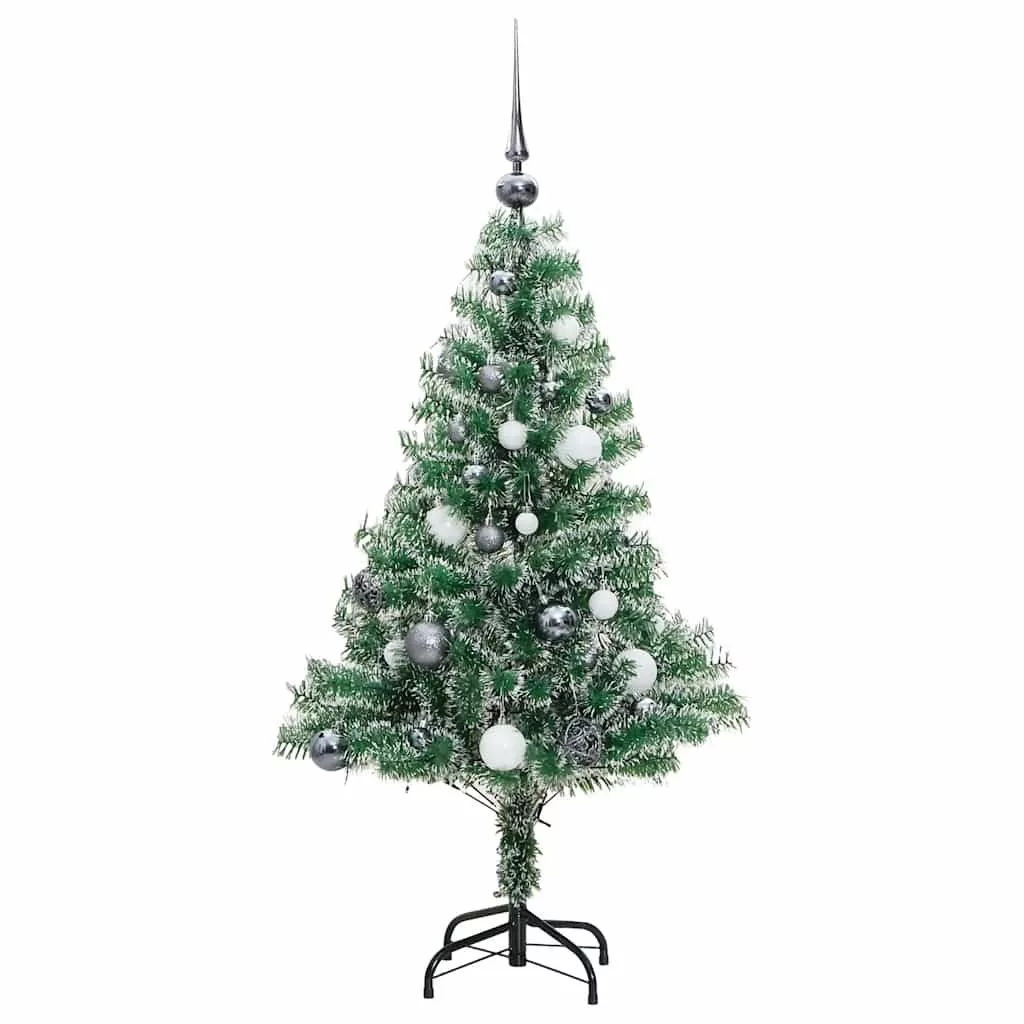 műkarácsonyfa 150 LED-del, gömbszettel és hópehellyel 150 cm
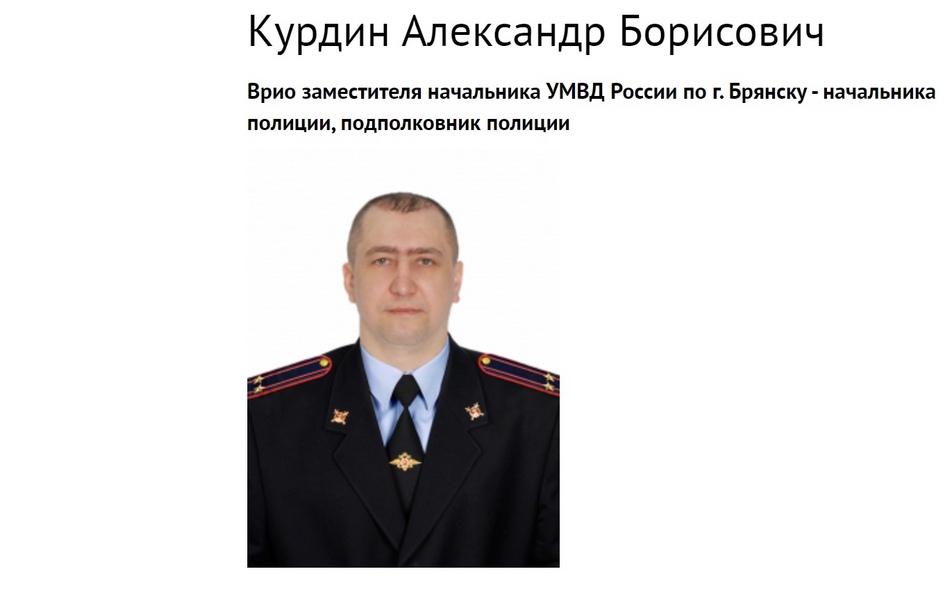 На странице, где раньше был указан полковник полиции Юрий Соколов, возглавлявший оперативное подразделение УМВД России по Брянску, появился подполковник полиции Александр Курдин . Александр Борисович значится временно исполняющим обязанности аместителя начальника УМВД — начальника полиции. Ранее Курдин был замом начальника полиции по охране общественного порядка.
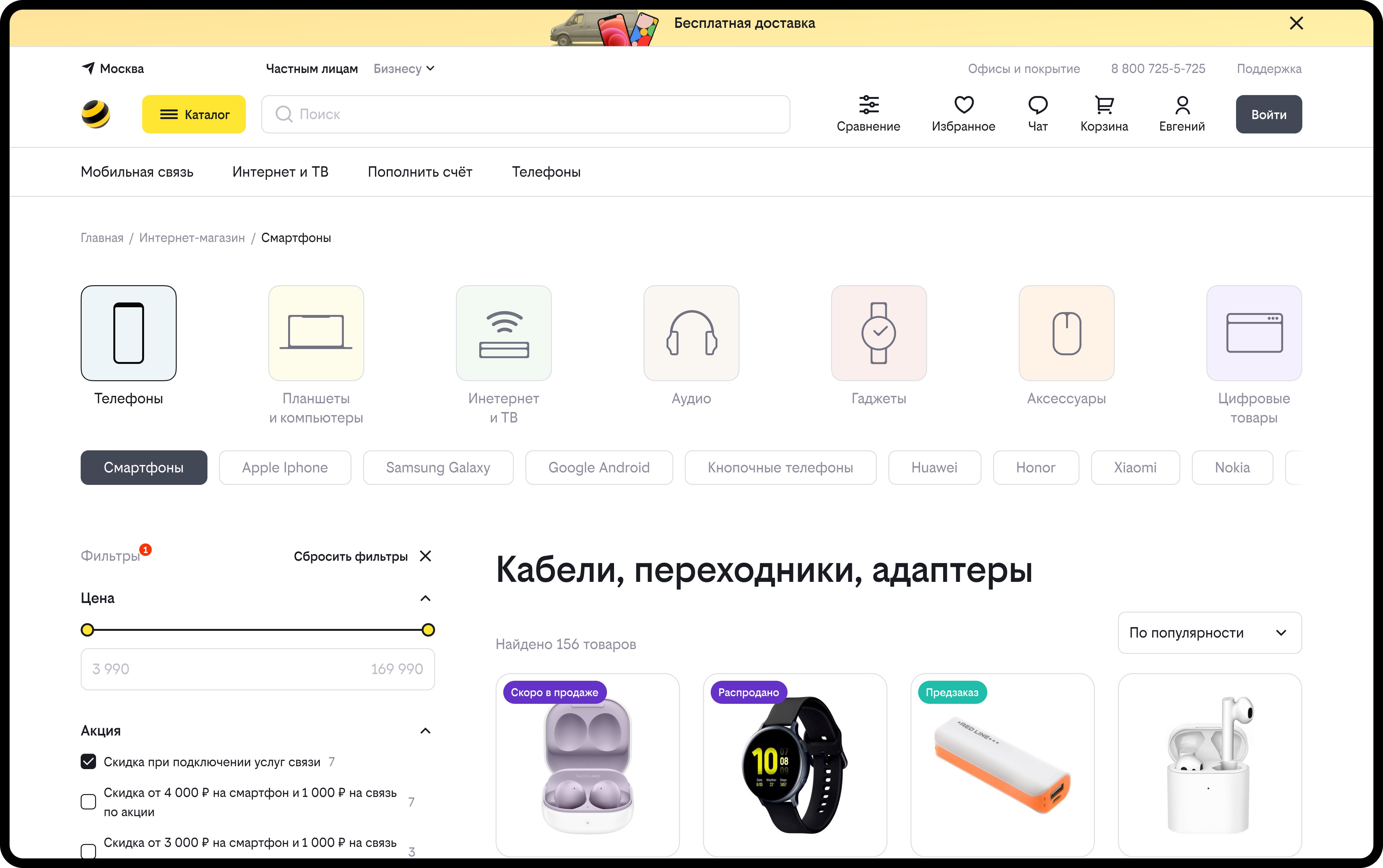 For the pages I owned, the approach was a mix of wireframing and going straight to high-fidelity where the direction was already clear. I made decisions such as simplifying the navigation structure to reduce depth, and redesigning the online shop's main page with filters that surfaced the top-selling product categories making the purchase path more direct. I also worked on the data plans page and contributed to adaptive design and product cards across the shop.
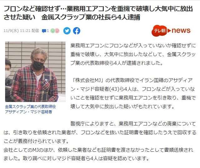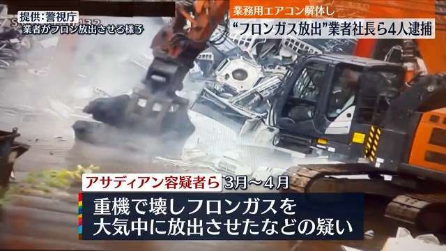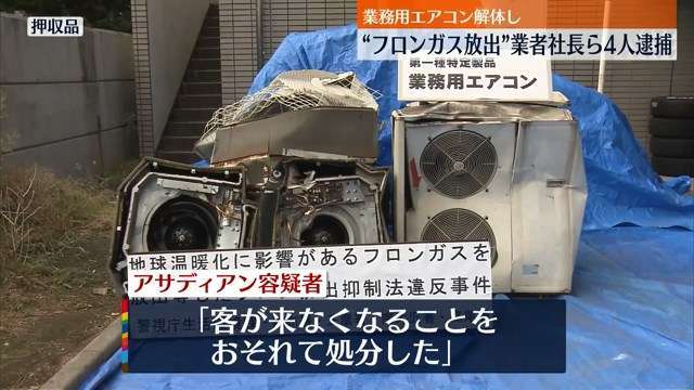 地球温暖化につながる「フロン類」のガスが充塡された状態の業務用エアコンを違法に解体して大気中にガスを排出したなどとして解体業者がフロン排出抑制法違反の疑いで逮捕したとの事件がありました。フロン類が冷媒として充塡されているかを確認せず、重機で解体してガスを大気中に放出。機器管理者、建設・解体業者、廃棄物・リサイクル業者、冷媒機器の廃棄する際の規制が強化されているのにもかかわらず「違法とわかっていたが…」理由にはなりません。安さをウリにしている悪質業者も少なくはありませんのでフロンガス回収にお困りの際は弊社までどうぞお気軽にご相談ください。
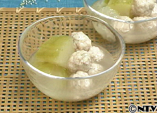冬瓜は皮の緑色が残すように、ピーラーで皮をむくとよい。
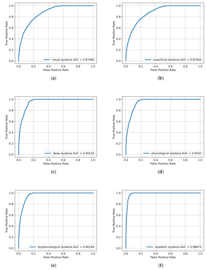 Figure 4. Experiments on real data for different kind of dyslexia, namely visual (a), superficial (b), deep (c), phpnological (d), dysphonological (e), dysidetic (f).
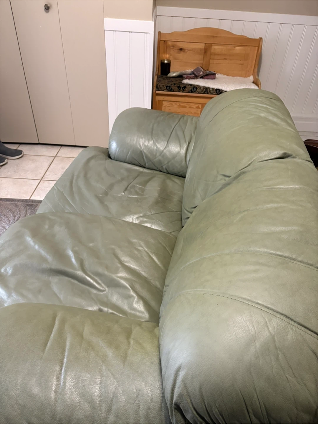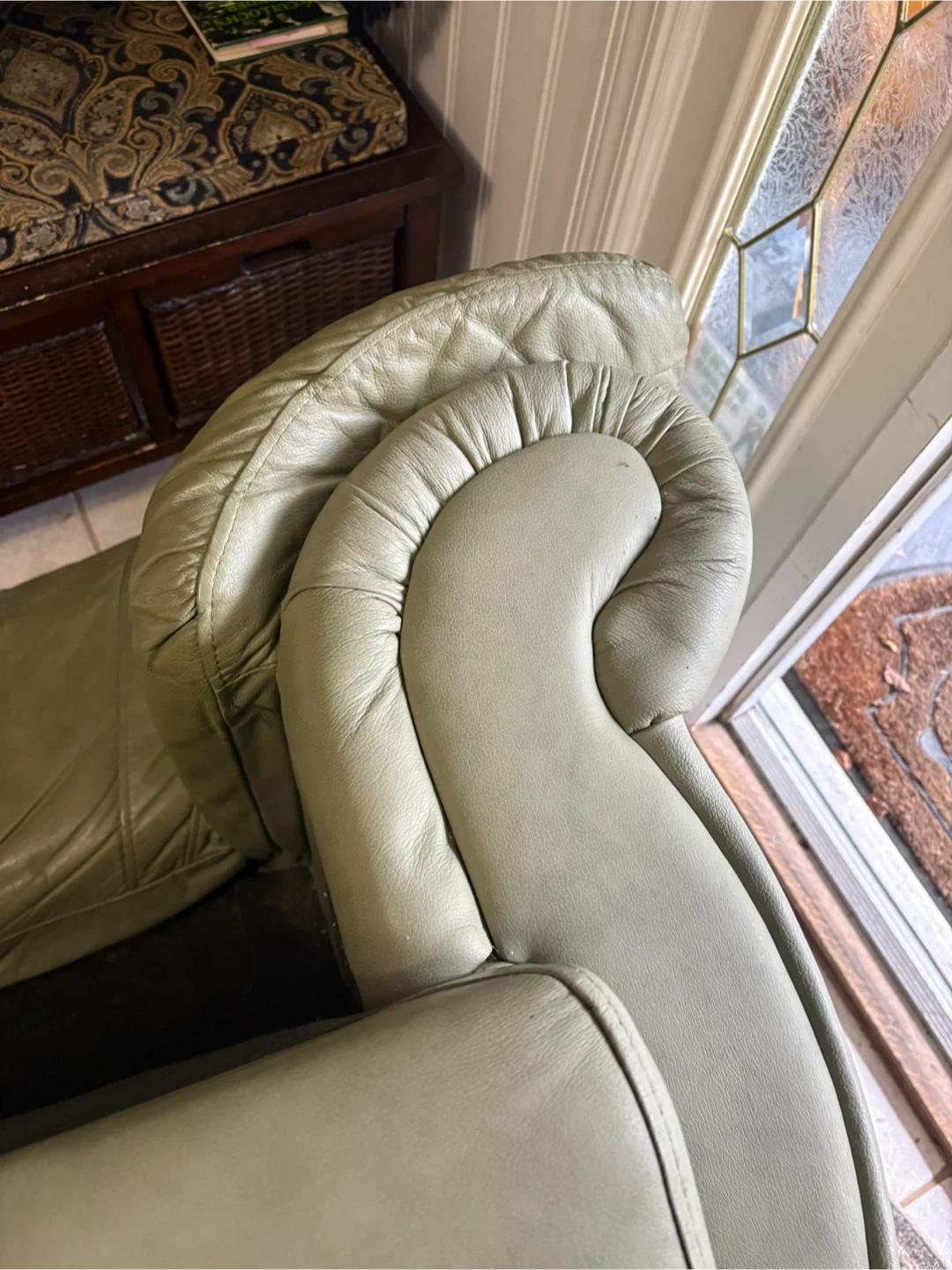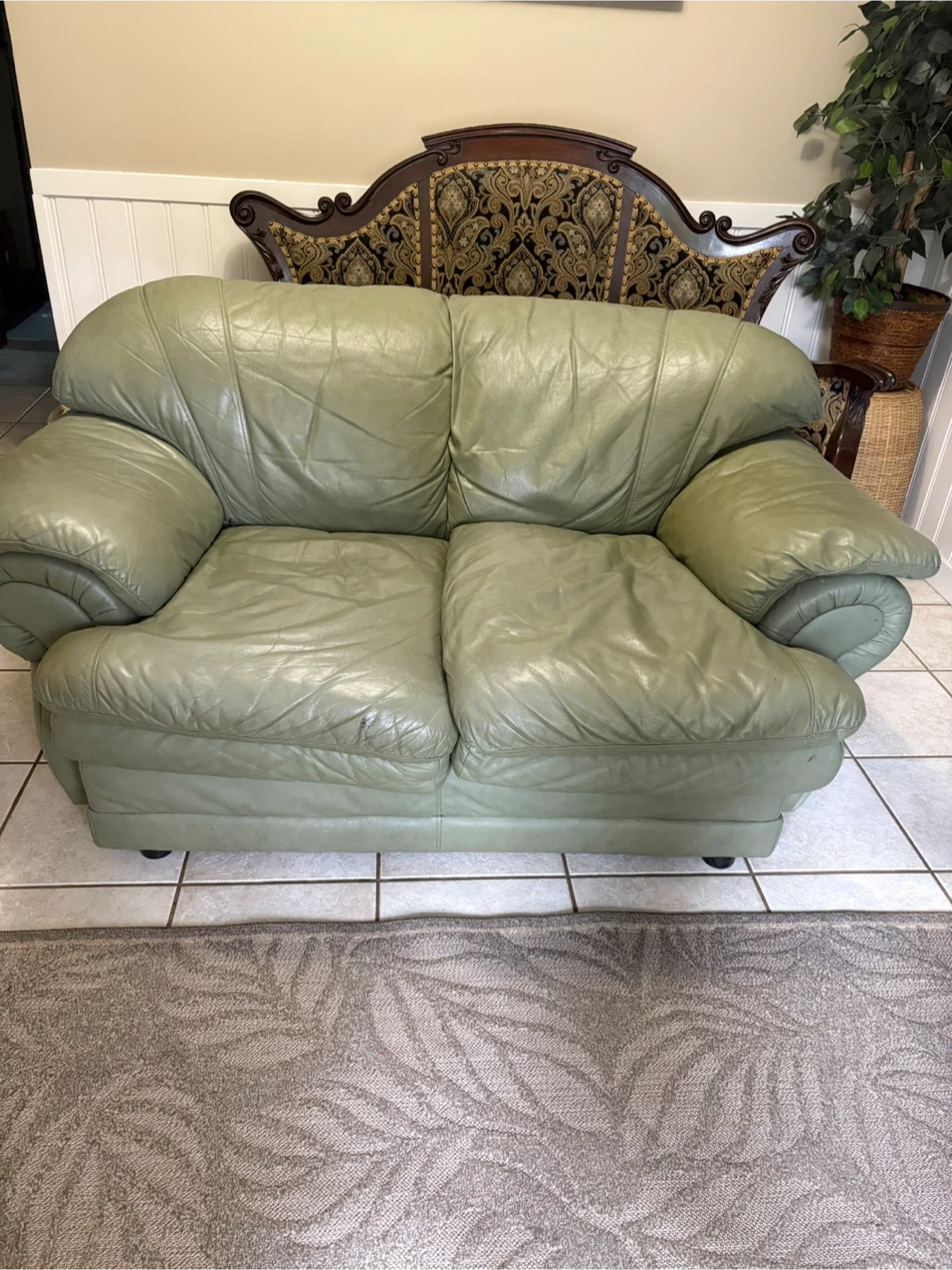 Selling a comfy light green leather sofa! It's in used condition, but still has lots of life left. Perfect for a living room or den. The leather is soft and the cushions are supportive
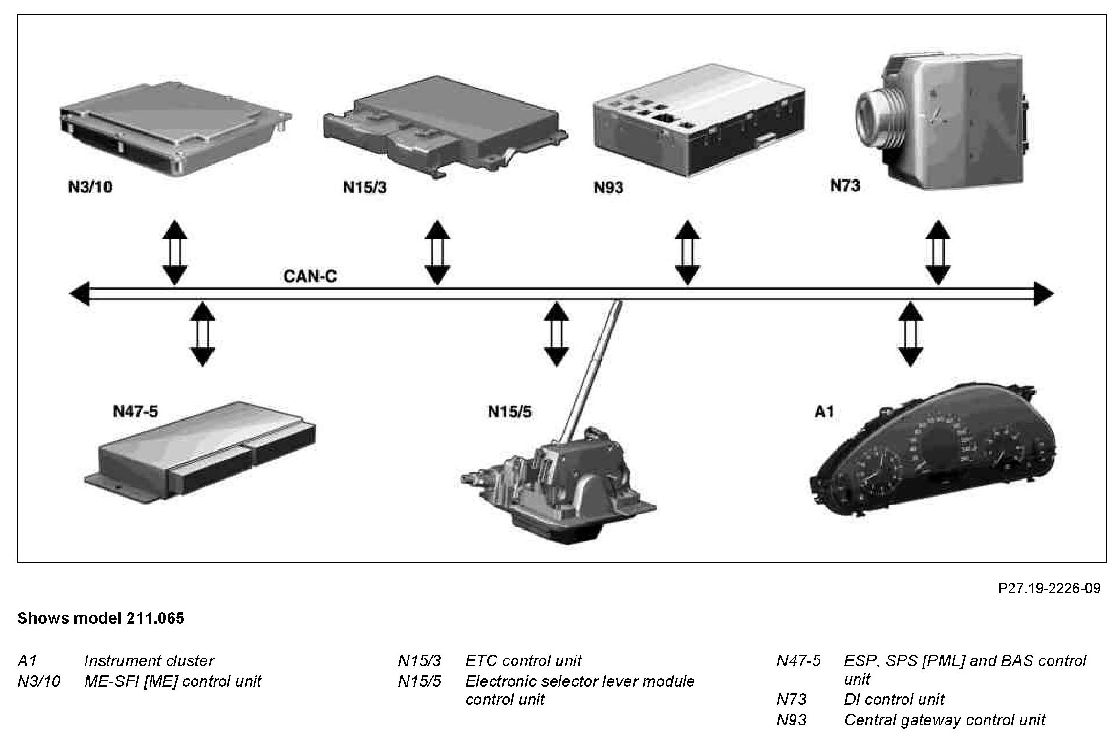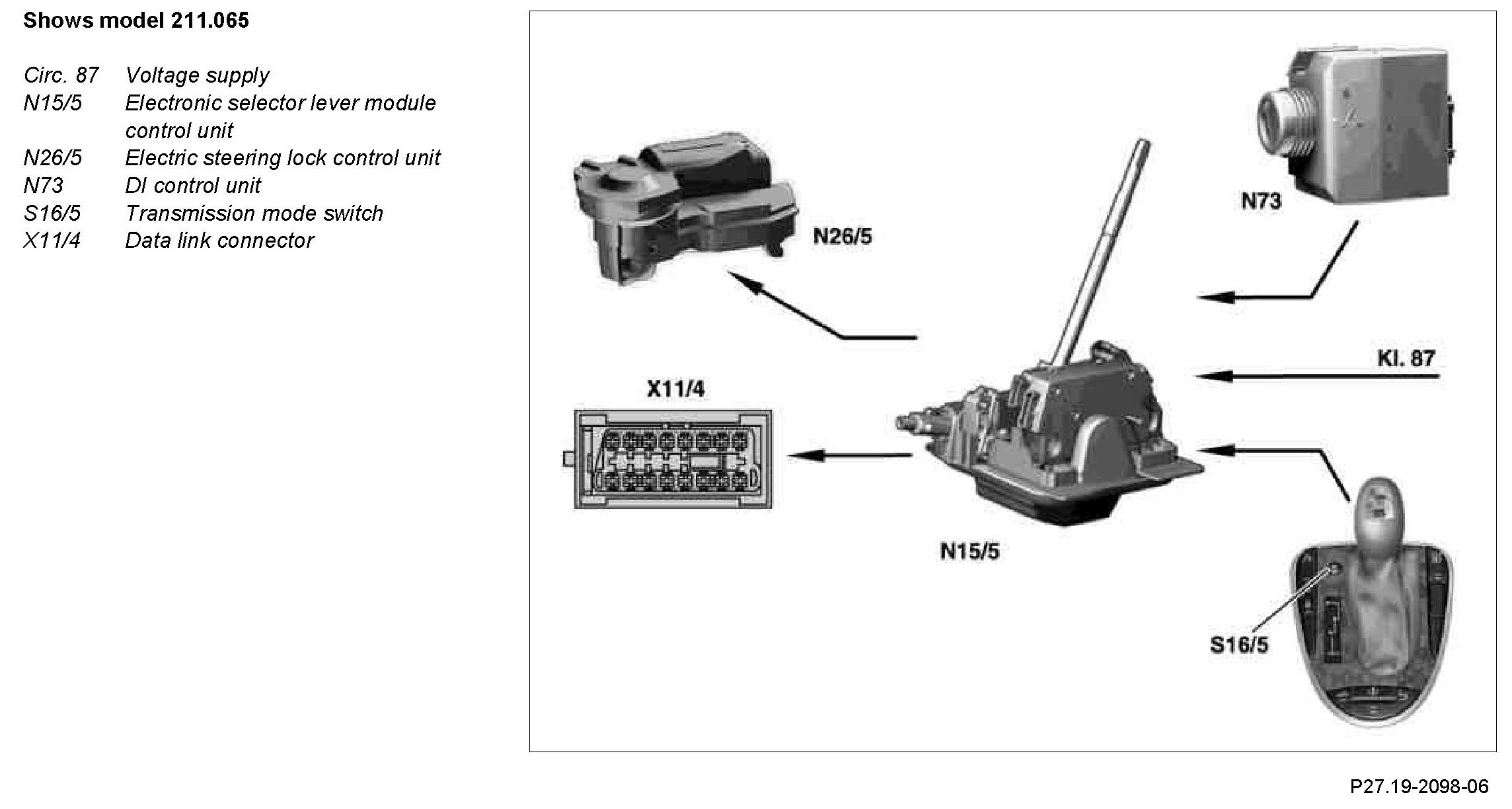 The electronic selector lever module control unit (N15/5) receives digital and analog input signals, actuates various components or transmits information to various control units via the Controller Area Network bus class C (engine compartment) (CAN-C). The selector lever positions and touch shifts carried out are detected in a non-contact manner by means of optoelectronic switches. A photoelectric barrier is closed or interrupted each time the position of the selector lever is changed.
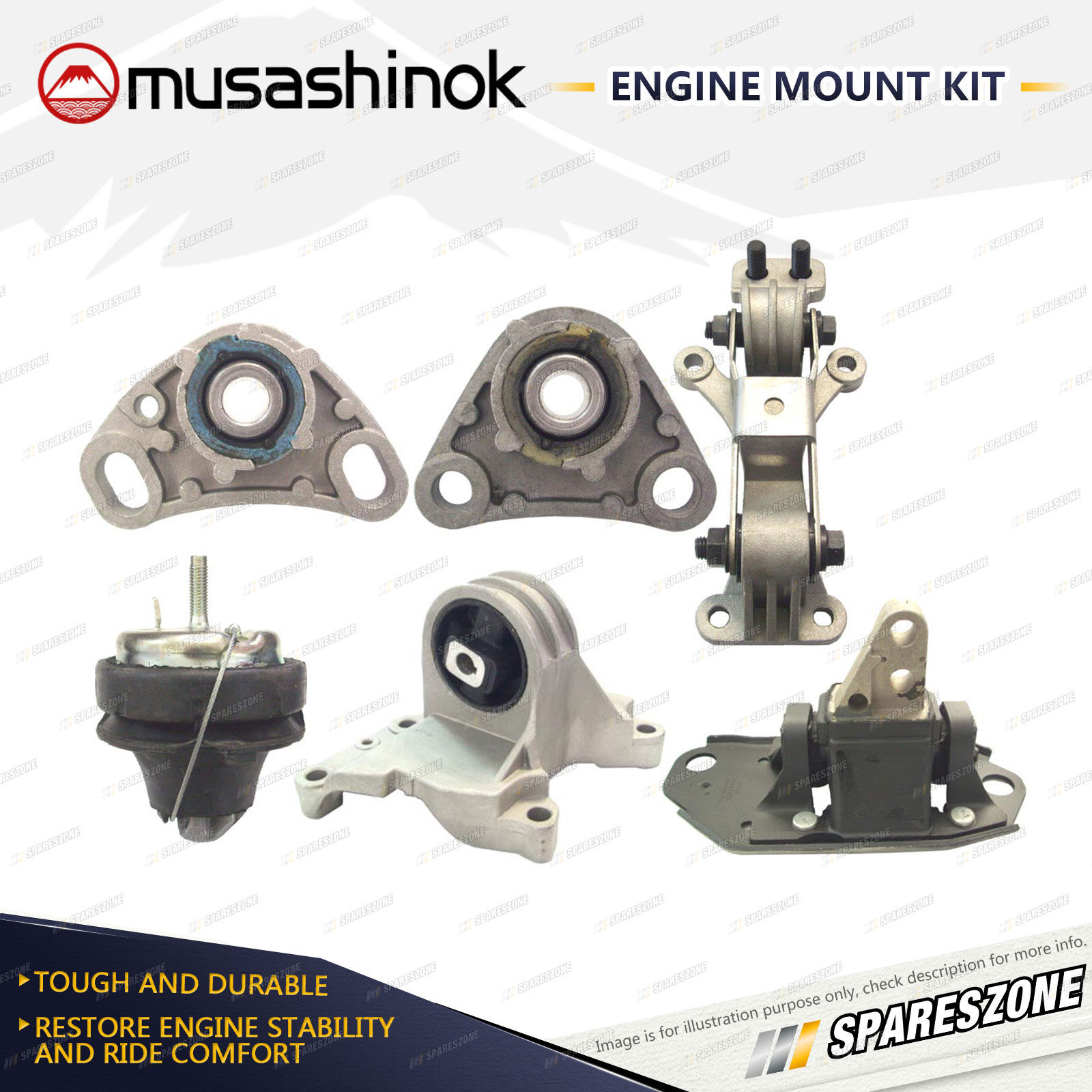 ![]() | About Engine Mounts : Musashinok engine mounts are manufactured to OE standard and very high quality, which is vital given the additional pressure on today's engine mounts.The Musashinok Engine Mount range sets new standards for quality whether manufactured in rubber or urethane.Musashinok's unique urethane design provides rubber-like smoothness and combined with urethanes durability, gives an added advantage over similar products manufactured with rubber. This makes them an ideal product for use in taxis and other commercial fleets. |

————————

Task instructions: The answer must be a word-for-word copy of all the entries, containing no pictures.

Solution to this task:
 műkarácsonyfa 150 LED-del, gömbszettel és hópehellyel 150 cm
 На странице, где раньше был указан полковник полиции Юрий Соколов, возглавлявший оперативное подразделение УМВД России по Брянску, появился подполковник полиции Александр Курдин . Александр Борисович значится временно исполняющим обязанности аместителя начальника УМВД — начальника полиции. Ранее Курдин был замом начальника полиции по охране общественного порядка.
 For the pages I owned, the approach was a mix of wireframing and going straight to high-fidelity where the direction was already clear. I made decisions such as simplifying the navigation structure to reduce depth, and redesigning the online shop's main page with filters that surfaced the top-selling product categories making the purchase path more direct. I also worked on the data plans page and contributed to adaptive design and product cards across the shop.
 地球温暖化につながる「フロン類」のガスが充塡された状態の業務用エアコンを違法に解体して大気中にガスを排出したなどとして解体業者がフロン排出抑制法違反の疑いで逮捕したとの事件がありました。フロン類が冷媒として充塡されているかを確認せず、重機で解体してガスを大気中に放出。機器管理者、建設・解体業者、廃棄物・リサイクル業者、冷媒機器の廃棄する際の規制が強化されているのにもかかわらず「違法とわかっていたが…」理由にはなりません。安さをウリにしている悪質業者も少なくはありませんのでフロンガス回収にお困りの際は弊社までどうぞお気軽にご相談ください。
冬瓜は皮の緑色が残すように、ピーラーで皮をむくとよい。
 Figure 4. Experiments on real data for different kind of dyslexia, namely visual (a), superficial (b), deep (c), phpnological (d), dysphonological (e), dysidetic (f).
 Selling a comfy light green leather sofa! It's in used condition, but still has lots of life left. Perfect for a living room or den. The leather is soft and the cushions are supportive
 The electronic selector lever module control unit (N15/5) receives digital and analog input signals, actuates various components or transmits information to various control units via the Controller Area Network bus class C (engine compartment) (CAN-C). The selector lever positions and touch shifts carried out are detected in a non-contact manner by means of optoelectronic switches. A photoelectric barrier is closed or interrupted each time the position of the selector lever is changed.
 ![]() | About Engine Mounts : Musashinok engine mounts are manufactured to OE standard and very high quality, which is vital given the additional pressure on today's engine mounts.The Musashinok Engine Mount range sets new standards for quality whether manufactured in rubber or urethane.Musashinok's unique urethane design provides rubber-like smoothness and combined with urethanes durability, gives an added advantage over similar products manufactured with rubber. This makes them an ideal product for use in taxis and other commercial fleets. |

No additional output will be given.